What is needed:
Take the line that contains "Зубной камень —" as the first line and the last line of the records as the end. Please set down everything in that range exactly.
** Study material follows **
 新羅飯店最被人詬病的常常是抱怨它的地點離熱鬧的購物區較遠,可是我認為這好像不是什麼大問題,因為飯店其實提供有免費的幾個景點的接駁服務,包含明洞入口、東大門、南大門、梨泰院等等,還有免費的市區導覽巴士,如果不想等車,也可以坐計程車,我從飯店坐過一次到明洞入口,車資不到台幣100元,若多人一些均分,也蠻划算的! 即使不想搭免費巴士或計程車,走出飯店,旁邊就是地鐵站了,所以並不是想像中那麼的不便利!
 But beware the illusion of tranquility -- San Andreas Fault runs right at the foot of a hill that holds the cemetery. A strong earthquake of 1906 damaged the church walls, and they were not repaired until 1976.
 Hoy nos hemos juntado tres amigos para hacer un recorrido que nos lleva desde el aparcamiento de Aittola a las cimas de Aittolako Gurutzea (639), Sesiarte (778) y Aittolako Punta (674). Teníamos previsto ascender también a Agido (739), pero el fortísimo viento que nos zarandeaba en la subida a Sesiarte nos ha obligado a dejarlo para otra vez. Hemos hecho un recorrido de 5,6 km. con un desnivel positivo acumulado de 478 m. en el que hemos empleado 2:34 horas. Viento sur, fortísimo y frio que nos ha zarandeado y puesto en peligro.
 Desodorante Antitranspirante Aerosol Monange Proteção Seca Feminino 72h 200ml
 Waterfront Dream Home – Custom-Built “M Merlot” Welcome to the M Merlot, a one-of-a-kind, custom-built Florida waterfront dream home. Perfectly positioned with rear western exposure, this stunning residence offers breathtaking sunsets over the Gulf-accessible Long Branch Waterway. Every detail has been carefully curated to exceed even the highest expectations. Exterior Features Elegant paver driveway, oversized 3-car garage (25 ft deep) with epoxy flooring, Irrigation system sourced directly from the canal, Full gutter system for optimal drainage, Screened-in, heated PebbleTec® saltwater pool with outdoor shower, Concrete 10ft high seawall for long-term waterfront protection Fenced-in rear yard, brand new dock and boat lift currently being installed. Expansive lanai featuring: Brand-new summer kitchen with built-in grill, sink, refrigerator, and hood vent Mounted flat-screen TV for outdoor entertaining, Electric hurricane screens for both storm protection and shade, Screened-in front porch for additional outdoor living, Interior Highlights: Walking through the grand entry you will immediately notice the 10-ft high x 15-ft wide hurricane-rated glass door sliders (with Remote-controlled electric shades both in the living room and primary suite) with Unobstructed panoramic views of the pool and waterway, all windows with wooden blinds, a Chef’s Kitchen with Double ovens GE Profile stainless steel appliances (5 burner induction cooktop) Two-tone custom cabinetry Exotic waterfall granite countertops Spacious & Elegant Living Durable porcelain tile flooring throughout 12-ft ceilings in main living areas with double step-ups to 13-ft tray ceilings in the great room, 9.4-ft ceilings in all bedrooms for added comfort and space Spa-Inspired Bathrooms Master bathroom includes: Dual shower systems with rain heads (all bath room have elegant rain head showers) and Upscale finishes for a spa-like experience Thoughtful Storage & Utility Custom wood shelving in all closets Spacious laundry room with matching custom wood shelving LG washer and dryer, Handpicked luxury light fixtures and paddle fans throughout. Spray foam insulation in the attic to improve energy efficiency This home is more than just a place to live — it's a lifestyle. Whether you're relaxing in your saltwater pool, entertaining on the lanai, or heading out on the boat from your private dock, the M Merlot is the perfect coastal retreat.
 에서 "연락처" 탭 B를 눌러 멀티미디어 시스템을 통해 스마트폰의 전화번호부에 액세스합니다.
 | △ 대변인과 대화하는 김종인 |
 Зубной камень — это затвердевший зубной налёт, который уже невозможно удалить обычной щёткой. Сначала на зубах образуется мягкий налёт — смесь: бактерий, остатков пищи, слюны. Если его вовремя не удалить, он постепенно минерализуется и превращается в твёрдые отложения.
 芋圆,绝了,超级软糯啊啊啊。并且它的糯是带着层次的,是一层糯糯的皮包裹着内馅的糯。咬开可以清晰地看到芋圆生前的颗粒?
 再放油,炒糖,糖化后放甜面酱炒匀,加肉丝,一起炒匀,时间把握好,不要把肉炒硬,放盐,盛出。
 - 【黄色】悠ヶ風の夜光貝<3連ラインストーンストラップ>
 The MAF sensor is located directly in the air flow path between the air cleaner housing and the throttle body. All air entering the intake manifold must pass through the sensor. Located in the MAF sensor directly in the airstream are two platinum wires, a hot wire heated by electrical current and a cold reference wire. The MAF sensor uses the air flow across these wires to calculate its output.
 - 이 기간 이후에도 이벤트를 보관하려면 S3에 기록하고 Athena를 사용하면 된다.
** End of Study material **
Written solution:
 Зубной камень — это затвердевший зубной налёт, который уже невозможно удалить обычной щёткой. Сначала на зубах образуется мягкий налёт — смесь: бактерий, остатков пищи, слюны. Если его вовремя не удалить, он постепенно минерализуется и превращается в твёрдые отложения.
 芋圆,绝了,超级软糯啊啊啊。并且它的糯是带着层次的,是一层糯糯的皮包裹着内馅的糯。咬开可以清晰地看到芋圆生前的颗粒?
 再放油,炒糖,糖化后放甜面酱炒匀,加肉丝,一起炒匀,时间把握好,不要把肉炒硬,放盐,盛出。
 - 【黄色】悠ヶ風の夜光貝<3連ラインストーンストラップ>
 The MAF sensor is located directly in the air flow path between the air cleaner housing and the throttle body. All air entering the intake manifold must pass through the sensor. Located in the MAF sensor directly in the airstream are two platinum wires, a hot wire heated by electrical current and a cold reference wire. The MAF sensor uses the air flow across these wires to calculate its output.
 - 이 기간 이후에도 이벤트를 보관하려면 S3에 기록하고 Athena를 사용하면 된다.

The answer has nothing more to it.